When three physicists first discovered through their calculations that a decaying atom moving through the vacuum experiences a friction-like force, they were highly suspicious. The results seemed to go against the laws of physics: The vacuum, by definition, is completely empty space and does not exert friction on objects within it. Further, if true, the results would contradict the principle of relativity, since they would imply that observers in two different reference frames would see the atom moving at different speeds (most observers would see the atom slow down due to friction, but an observer moving with the atom would not).

Writing in Physical Review Letters, physicists Matthias Sonnleitner, Nils Trautmann, and Stephen M. Barnett at the University of Glasgow knew something must be wrong, but at first they weren't sure what.
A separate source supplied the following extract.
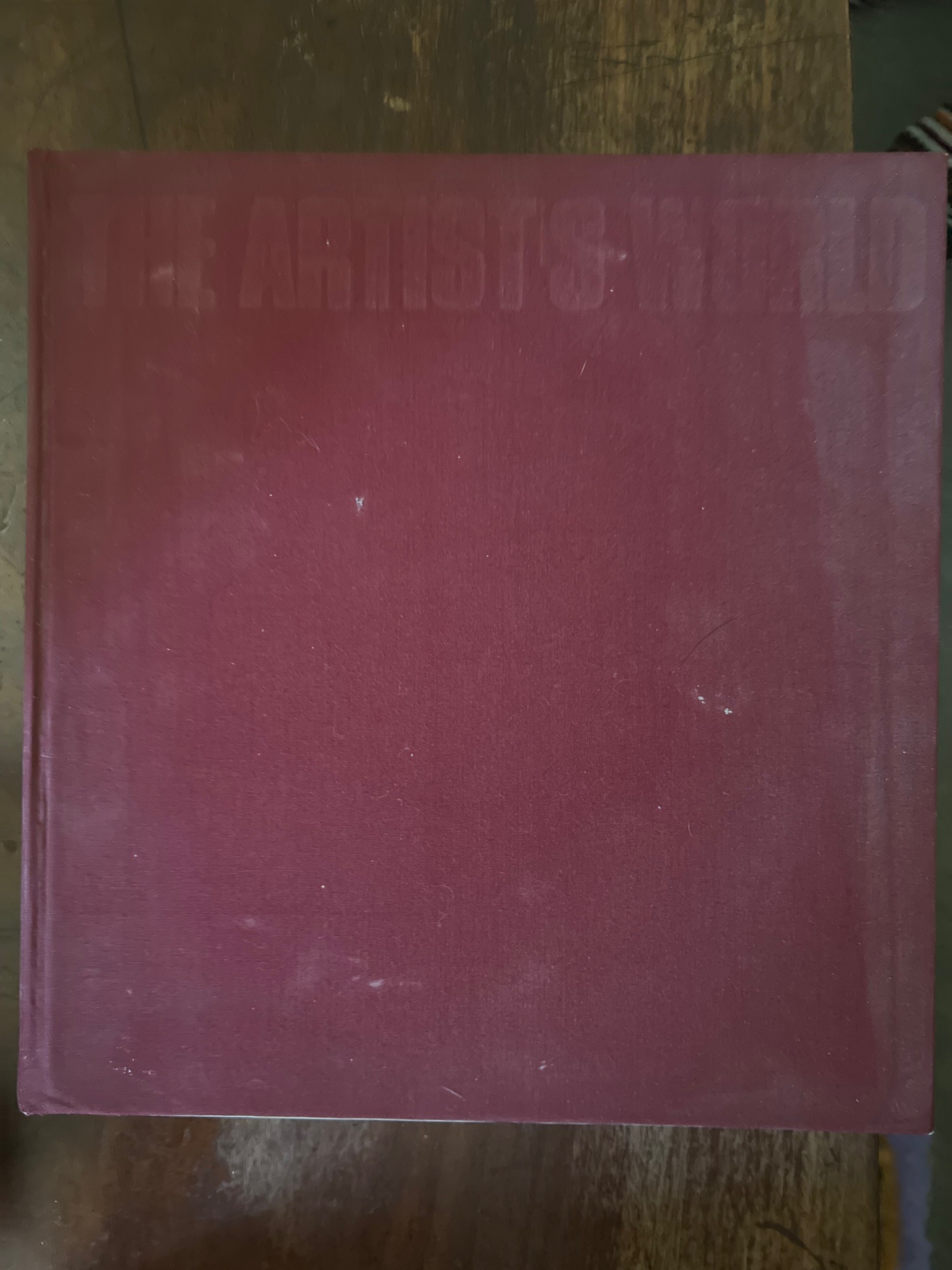 This item is a large-format, hardcover art book titled 'The Artist's World.' The volume is bound in a deep maroon or burgundy cloth with a textured, linen-like grain. The title is prominently blind-stamped or debossed across the top section of the front cover in a bold, sans-serif, heavyweight typeface. Physically, the book appears to be a square or nearly square coffee-table style monograph. The construction shows a standard sewn binding, visible along the left hinge. The maroon cloth covering exhibits several condition issues, including significant surface scuffing, minor white spotting (possibly mold spores, dust, or paint splatter), and a noticeable vertical line of wear or adhesive residue along the right edge, suggesting it may have been stored in a tight shelf environment or previously had a dust jacket that left a ghosting effect. The corners show slight softening/bumping consistent with use and age. There are visible hairline scratches and generic shelf wear on the fabric surface. Based on the typography and binding style, the item likely dates from the late mid-century period (circa 1960s-1970s). The lack of a dust jacket is a notable condition detraction, as these monographs were typically issued with high-gloss paper wraps featuring artwork. The craftsmanship is of a standard commercial quality for an art publication of that era.

"We spent ages searching for the mistake in the calculation and spent even more time exploring other strange effects until we found this (rather simple) solution," Sonnleitner told Phys.org.

The physicists eventually realized that the missing puzzle piece was a tiny bit of extra mass called the "mass defect"—an amount so tiny that it has never been measured in this context. This is the mass in Einstein's famous equation E = mc2, which describes the amount of energy required to break up the nucleus of an atom into its protons and neutrons. This energy, called the "internal binding energy," is regularly accounted for in nuclear physics, which deals with larger binding energies, but is typically considered negligible in the context of atom optics (the field here) because of the much lower energies.

This subtle but important detail allowed the researchers to paint a very different picture of what was going on. As a decaying atom moves through the vacuum, it really does experience some kind of force resembling friction. But a true friction force would cause the atom to slow down, and this is not what's happening.